WHAT TO PRODUCE ▸ Drop all pictures and repeat exactly the lines from the line holding "first love. Be" through the end of the records.
------ ENTRIES SUPPLIED
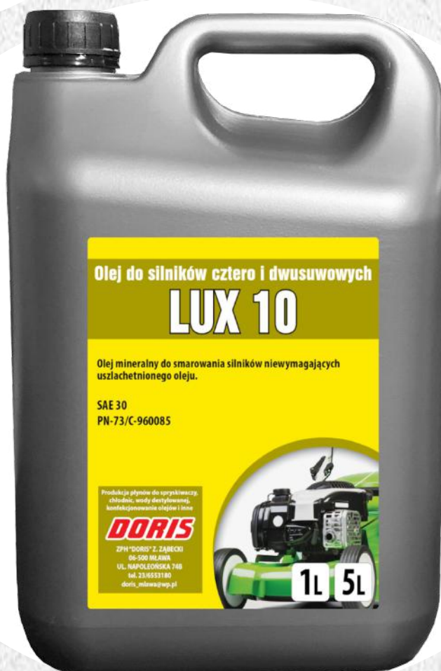
Engine oil LUX 10 5L STD
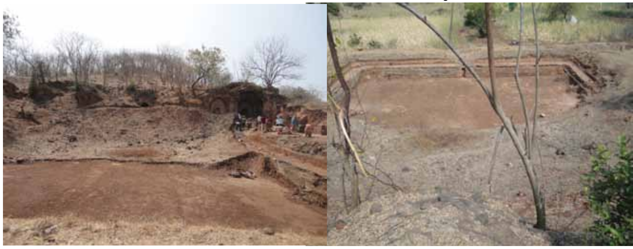
Figure 19: Bagh-e Haman at Naubad vilage
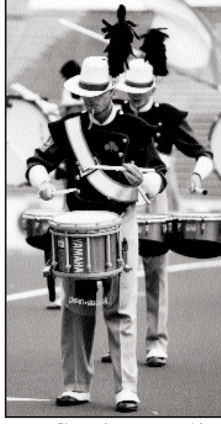
Pioneer, August 13, 1999 (photo by David Rice from the collection of Drum Corps World).
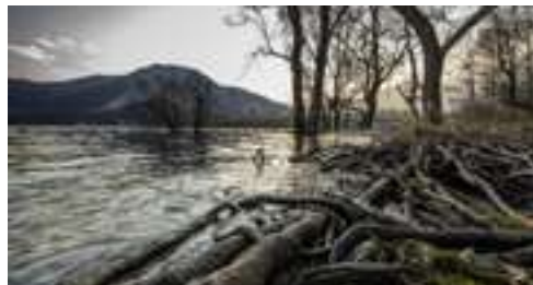
Ticino Val Grande Verbano Biosphere Reserve © ph. Marco Tessaro.

Ticino Val Grande Verbano (2002 and 2018) Monviso (2013) Collina Po (2016)
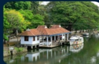
MUZIRIS HERITAGE PROJECT 40 KM
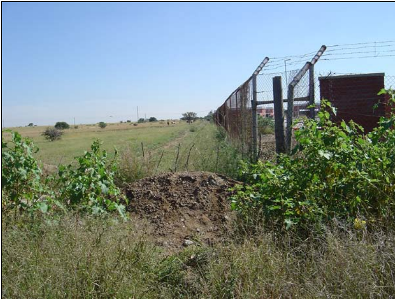
Fig.4 View of the area adjacent to hospital.
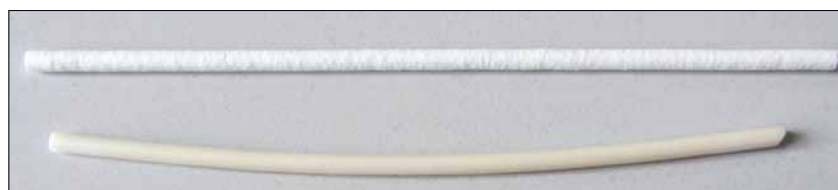
Fig. 6 Solid rods (diameter 3,3 mm) made out of RAMUL-HT (top) and a benchmark material (bottom) after five kiln cycles at a dwell temperature of 1600 °C
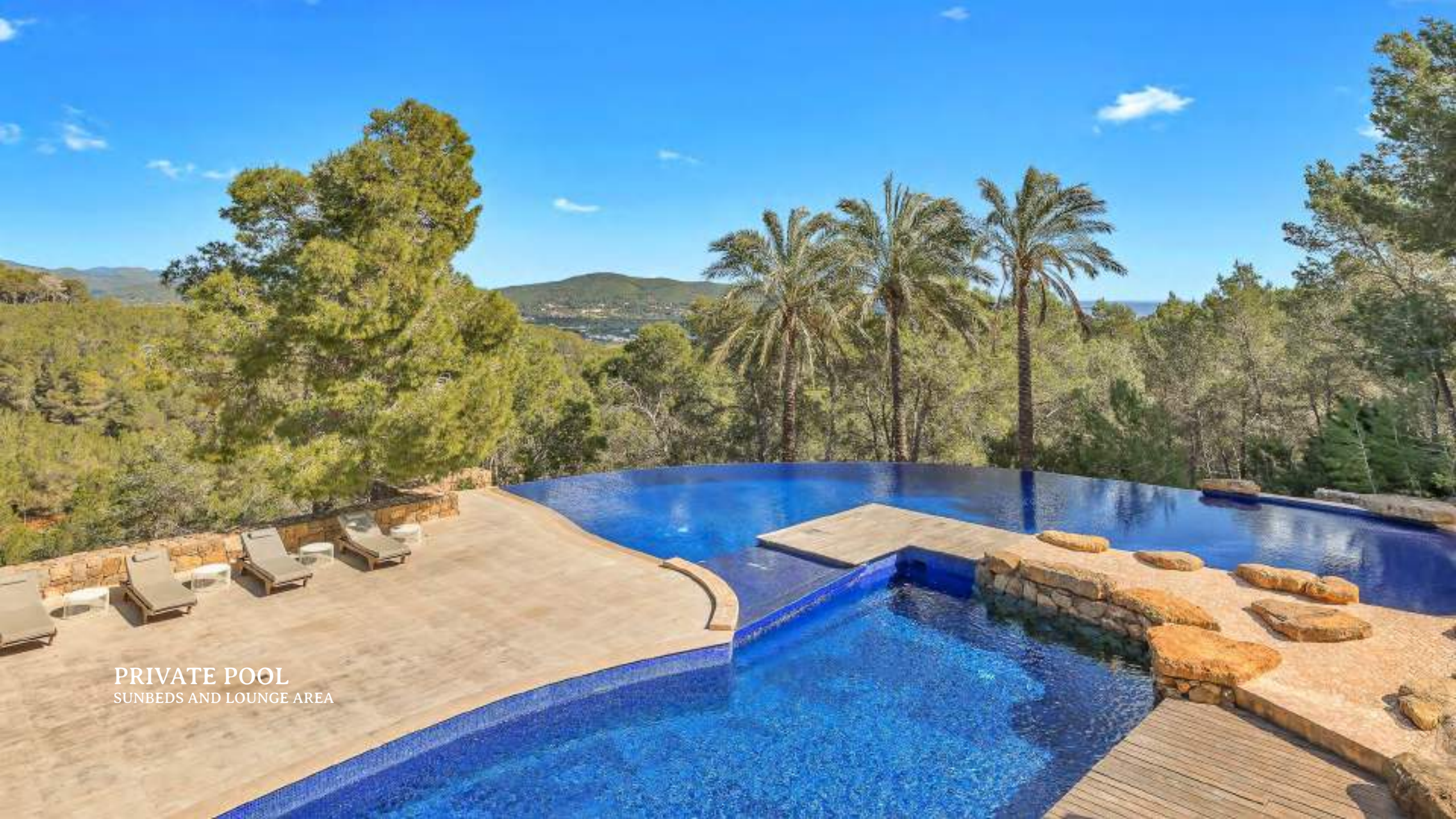
PRIVATE POOL SUNBEDS AND LOUNGE AREA
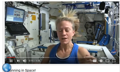
Running in Space!
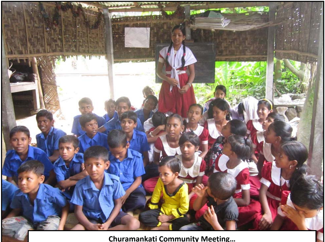
Churamankati Community Meeting...
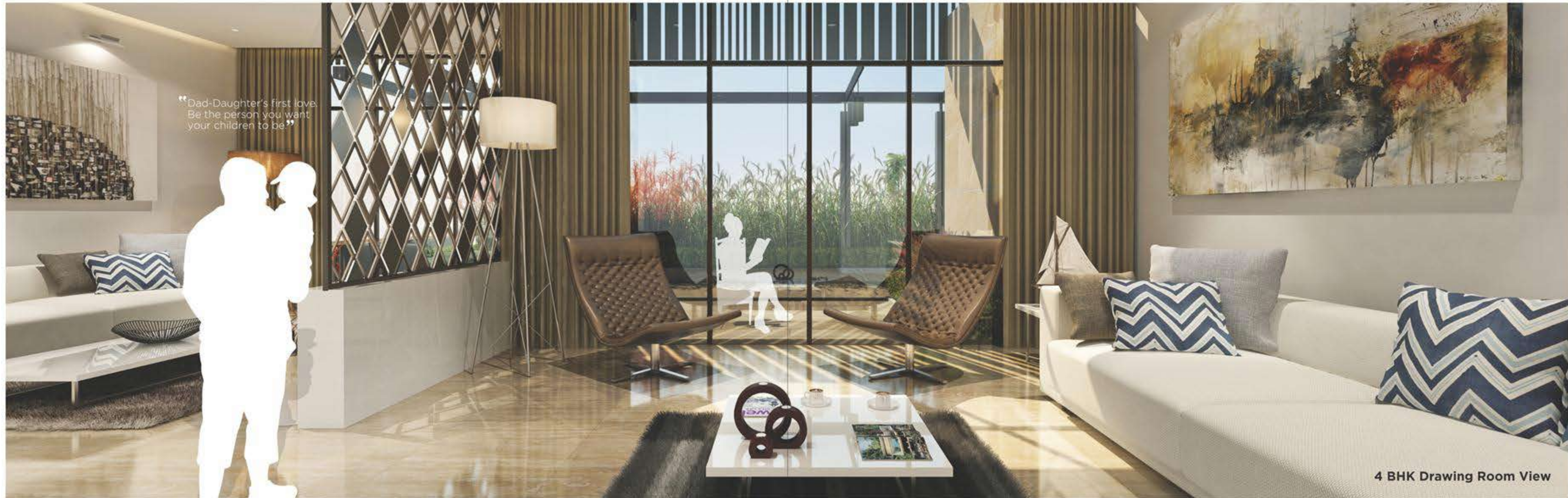
4 BHK Drawing Room View

“Dad-Daughter's first love. Be the person you want your children to be.”
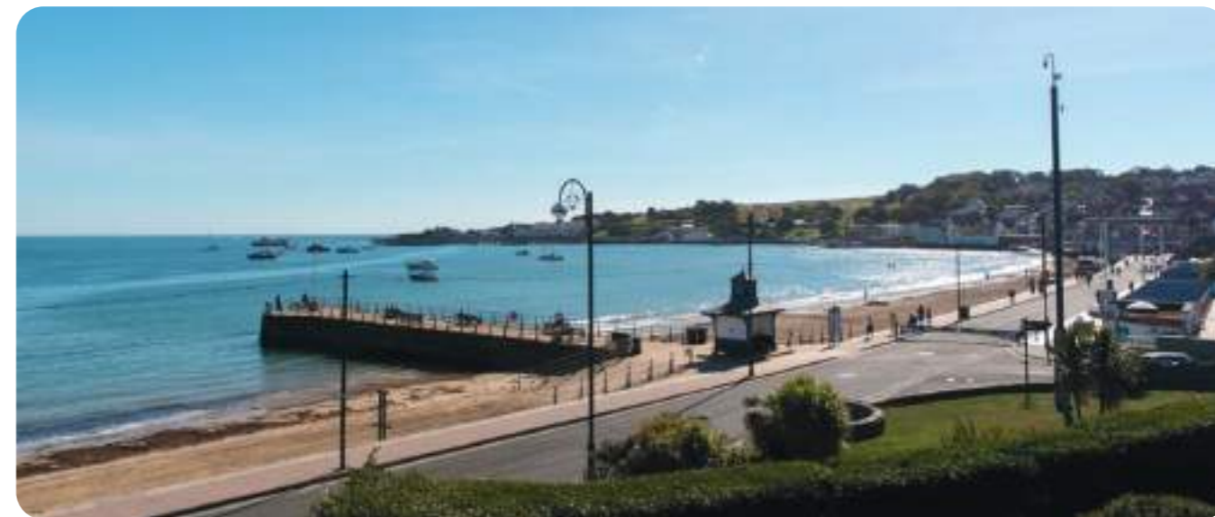
Photo of Swanage Seafront

Westlands Entertainment venue on the first Monday of the month, between 10.0am to 12pm, a group of lively and friendly people meet for the Yeovil Social group. They chat over coffee or a drink and arrange trips out. During 2023 they visited the Fleet Air Arm museum, Bovington Tank museum plus seaside trips to Swanage and Weymouth.
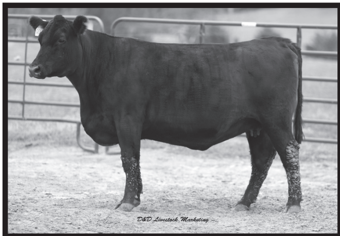
Fasr Eriskay 5002 - Lot 38
------------
WRITTEN ANSWER ▸
“Dad-Daughter's first love. Be the person you want your children to be.”
Photo of Swanage Seafront

Westlands Entertainment venue on the first Monday of the month, between 10.0am to 12pm, a group of lively and friendly people meet for the Yeovil Social group. They chat over coffee or a drink and arrange trips out. During 2023 they visited the Fleet Air Arm museum, Bovington Tank museum plus seaside trips to Swanage and Weymouth.
Fasr Eriskay 5002 - Lot 38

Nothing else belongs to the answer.